§ **REQUIRED ACTION**:
Reproduce only the lines below from the line containing "ラ・ミッシェルⅣ船越の「ラブ" to the line containing "这是一个很好的例子Molti", exactly as written, with both end lines kept. Omit the pictures.

==== DATA PROVIDED ====

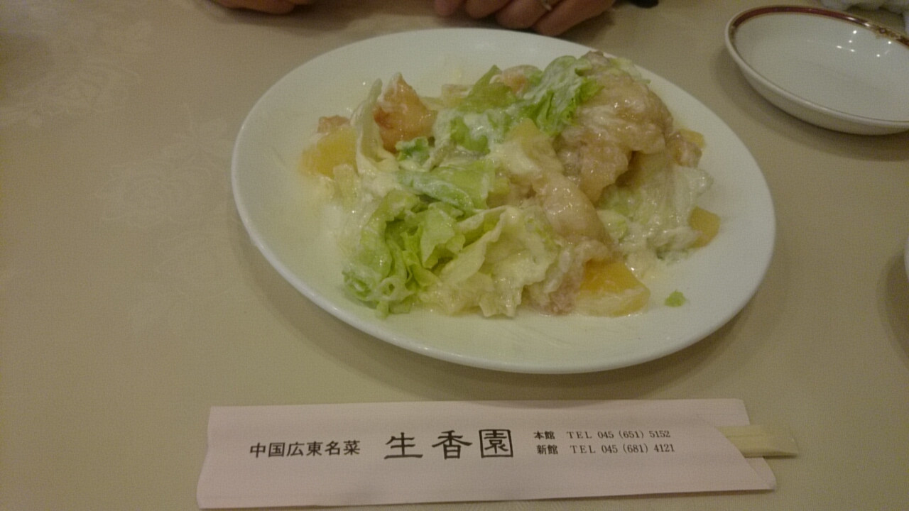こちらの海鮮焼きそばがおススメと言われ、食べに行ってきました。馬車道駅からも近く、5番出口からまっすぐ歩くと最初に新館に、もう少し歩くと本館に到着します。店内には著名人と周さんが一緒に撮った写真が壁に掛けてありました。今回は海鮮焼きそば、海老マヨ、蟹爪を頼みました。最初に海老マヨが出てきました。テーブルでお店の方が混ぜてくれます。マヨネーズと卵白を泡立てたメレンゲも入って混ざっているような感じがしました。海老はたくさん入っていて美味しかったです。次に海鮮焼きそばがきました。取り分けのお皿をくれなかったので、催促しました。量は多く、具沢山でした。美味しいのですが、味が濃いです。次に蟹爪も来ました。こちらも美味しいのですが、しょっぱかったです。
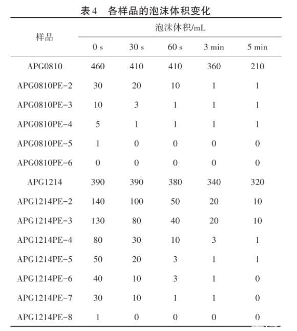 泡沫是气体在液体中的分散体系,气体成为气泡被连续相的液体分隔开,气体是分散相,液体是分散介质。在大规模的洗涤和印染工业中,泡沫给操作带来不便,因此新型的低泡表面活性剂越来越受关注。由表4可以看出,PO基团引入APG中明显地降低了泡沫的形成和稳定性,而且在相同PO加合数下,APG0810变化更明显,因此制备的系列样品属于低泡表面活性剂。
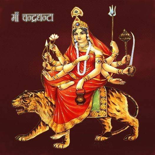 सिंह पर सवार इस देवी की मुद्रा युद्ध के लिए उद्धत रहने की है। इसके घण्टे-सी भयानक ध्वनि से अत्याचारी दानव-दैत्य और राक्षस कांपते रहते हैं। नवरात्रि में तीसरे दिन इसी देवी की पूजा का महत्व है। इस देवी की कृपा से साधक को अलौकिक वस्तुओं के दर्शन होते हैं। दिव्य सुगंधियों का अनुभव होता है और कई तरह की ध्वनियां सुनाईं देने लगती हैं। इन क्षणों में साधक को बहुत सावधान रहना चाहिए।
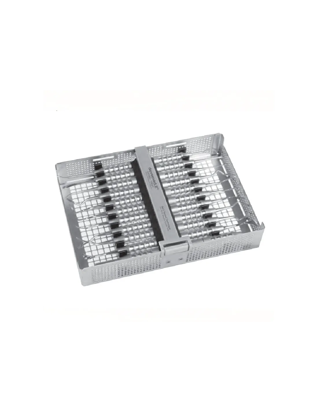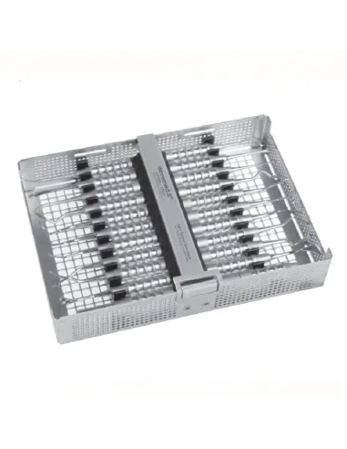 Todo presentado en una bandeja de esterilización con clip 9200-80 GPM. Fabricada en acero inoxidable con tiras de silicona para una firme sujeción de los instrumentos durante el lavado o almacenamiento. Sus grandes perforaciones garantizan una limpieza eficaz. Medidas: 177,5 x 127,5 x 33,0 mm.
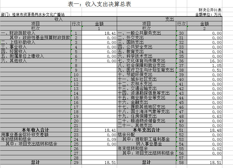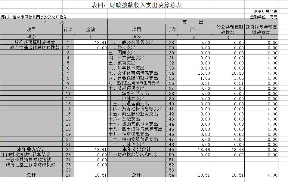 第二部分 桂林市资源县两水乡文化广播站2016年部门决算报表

====
==== DATA PROVIDED ====

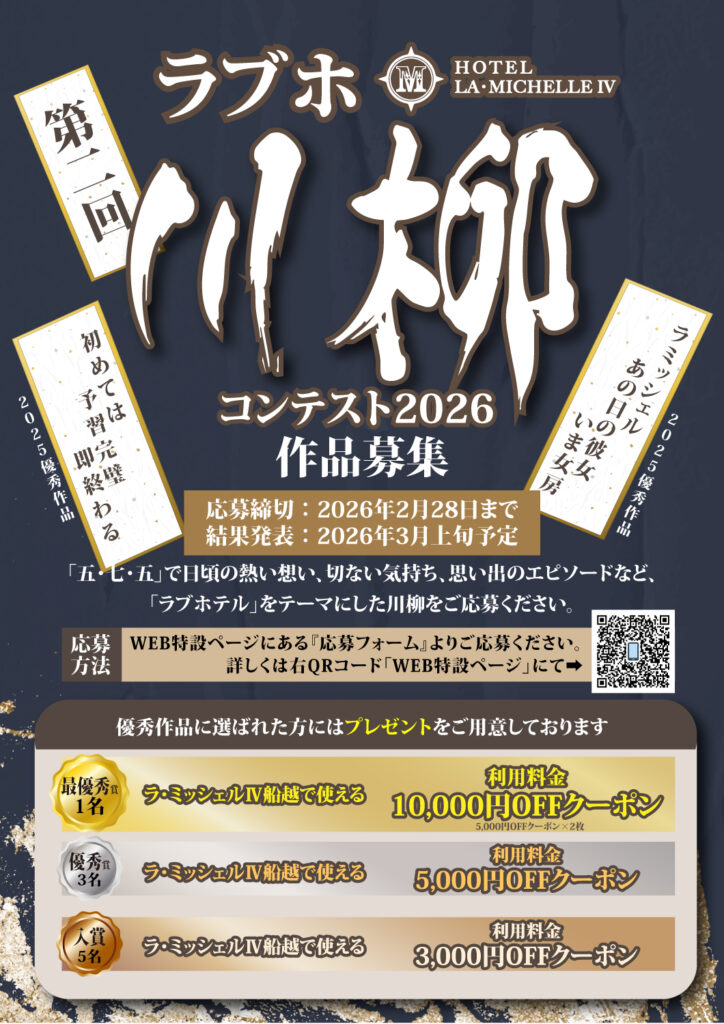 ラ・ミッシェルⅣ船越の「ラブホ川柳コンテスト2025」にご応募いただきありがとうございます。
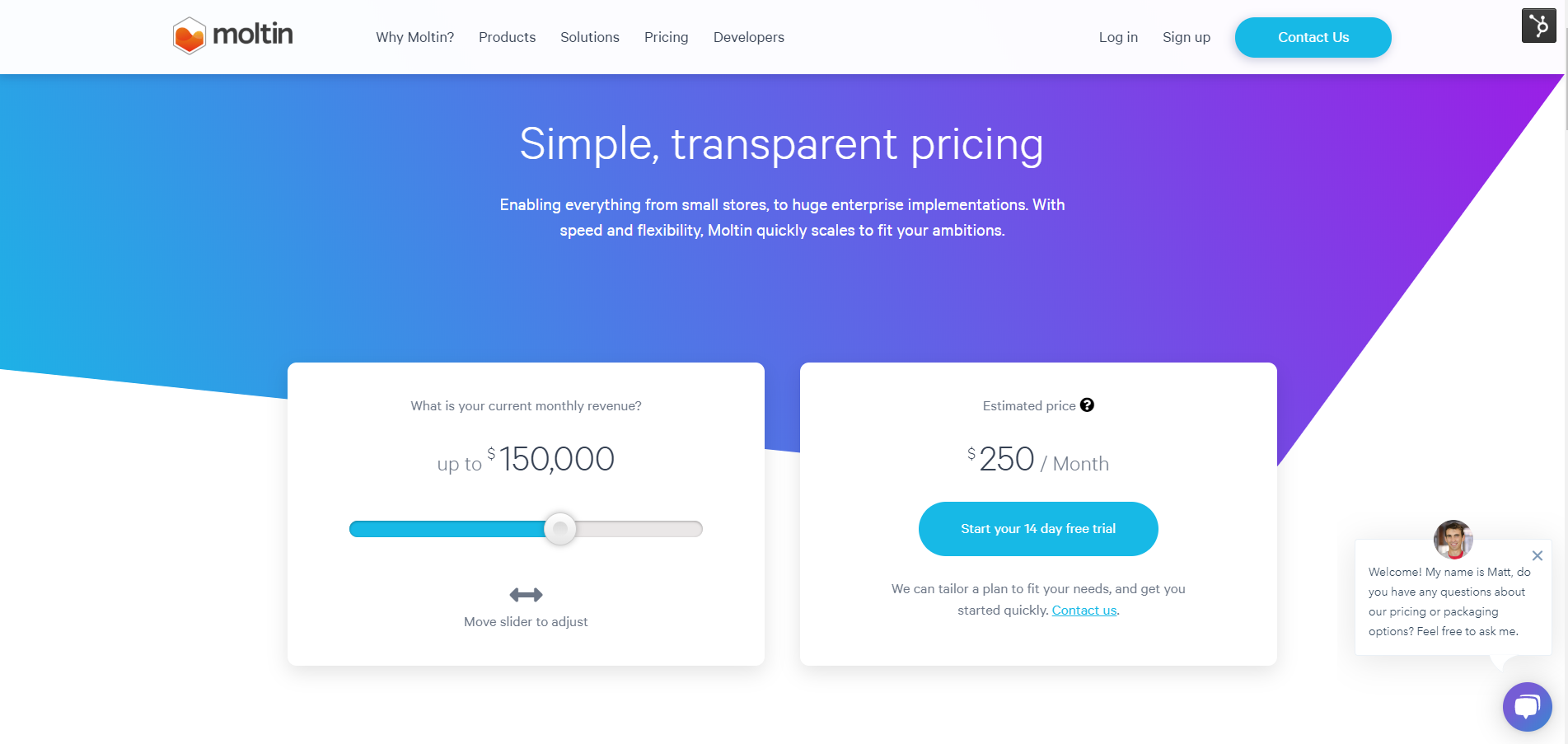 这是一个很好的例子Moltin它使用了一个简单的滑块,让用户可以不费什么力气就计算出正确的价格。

====
==== DATA PROVIDED ====

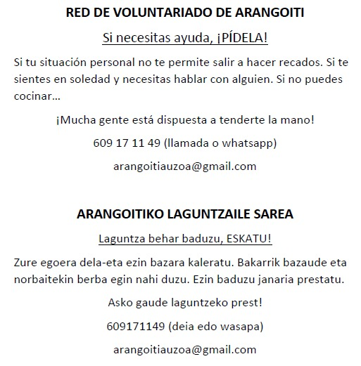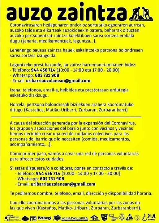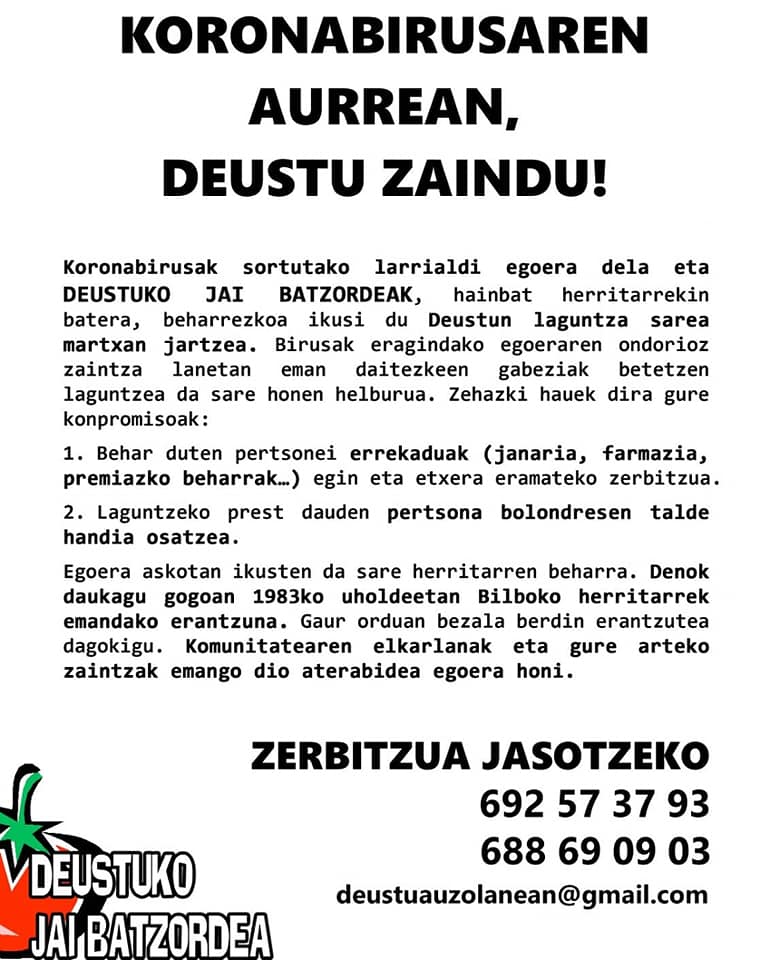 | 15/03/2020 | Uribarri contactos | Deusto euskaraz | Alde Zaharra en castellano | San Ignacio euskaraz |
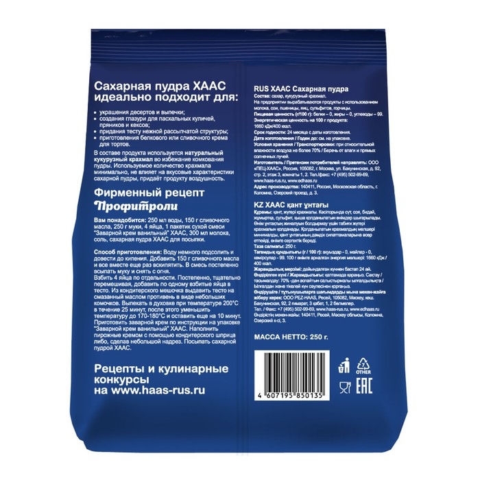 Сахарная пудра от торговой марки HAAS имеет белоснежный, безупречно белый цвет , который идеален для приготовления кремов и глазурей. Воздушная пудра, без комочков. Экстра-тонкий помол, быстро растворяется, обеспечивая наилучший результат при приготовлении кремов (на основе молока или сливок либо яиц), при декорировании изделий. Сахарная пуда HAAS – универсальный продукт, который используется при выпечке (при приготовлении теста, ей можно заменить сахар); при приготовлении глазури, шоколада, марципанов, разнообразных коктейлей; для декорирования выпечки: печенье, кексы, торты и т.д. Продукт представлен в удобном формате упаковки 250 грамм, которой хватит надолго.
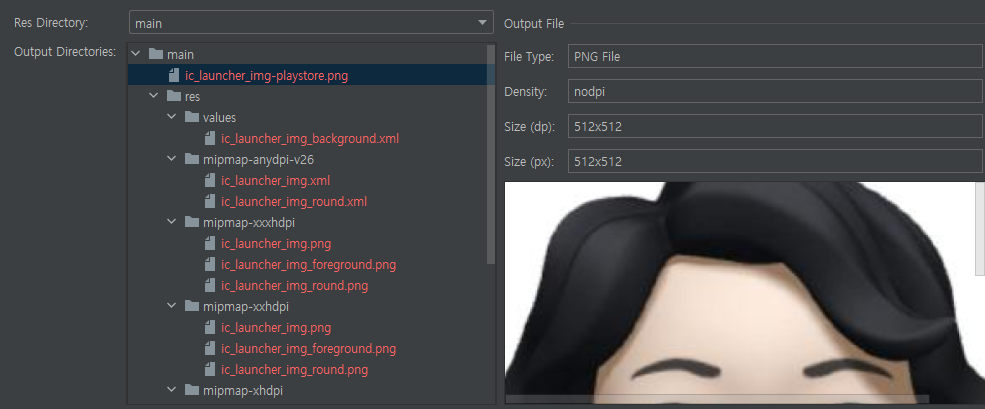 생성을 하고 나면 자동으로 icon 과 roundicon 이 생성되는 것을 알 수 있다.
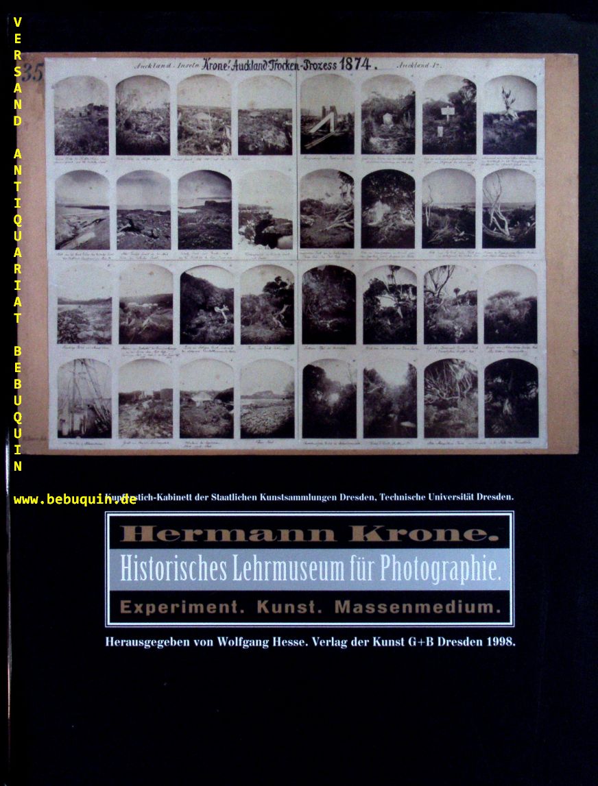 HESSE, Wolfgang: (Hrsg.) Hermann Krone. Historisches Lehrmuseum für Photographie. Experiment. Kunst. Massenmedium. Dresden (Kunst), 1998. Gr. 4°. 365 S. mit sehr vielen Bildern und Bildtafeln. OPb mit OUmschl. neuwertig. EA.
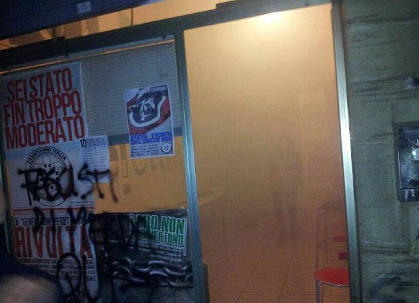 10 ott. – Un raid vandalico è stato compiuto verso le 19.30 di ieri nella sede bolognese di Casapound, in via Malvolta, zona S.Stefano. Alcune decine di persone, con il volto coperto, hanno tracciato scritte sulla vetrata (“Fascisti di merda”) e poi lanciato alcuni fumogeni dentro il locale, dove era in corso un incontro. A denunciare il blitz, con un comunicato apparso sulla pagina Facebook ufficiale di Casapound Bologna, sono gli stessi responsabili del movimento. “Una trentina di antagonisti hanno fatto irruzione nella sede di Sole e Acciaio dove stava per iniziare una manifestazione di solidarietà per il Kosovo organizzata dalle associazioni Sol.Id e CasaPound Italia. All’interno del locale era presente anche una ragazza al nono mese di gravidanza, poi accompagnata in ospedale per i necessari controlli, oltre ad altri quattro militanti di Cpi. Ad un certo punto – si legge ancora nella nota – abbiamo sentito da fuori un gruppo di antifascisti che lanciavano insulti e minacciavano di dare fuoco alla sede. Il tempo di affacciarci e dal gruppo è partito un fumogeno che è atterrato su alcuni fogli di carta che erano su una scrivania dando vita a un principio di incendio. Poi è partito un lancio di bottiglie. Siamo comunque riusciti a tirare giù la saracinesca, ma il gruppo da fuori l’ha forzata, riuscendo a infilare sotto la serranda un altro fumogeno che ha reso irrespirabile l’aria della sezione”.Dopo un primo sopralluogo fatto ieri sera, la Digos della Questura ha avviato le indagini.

====

§ **OUTPUT FOR THIS EXERCISE**:
 ラ・ミッシェルⅣ船越の「ラブホ川柳コンテスト2025」にご応募いただきありがとうございます。
 这是一个很好的例子Moltin它使用了一个简单的滑块,让用户可以不费什么力气就计算出正确的价格。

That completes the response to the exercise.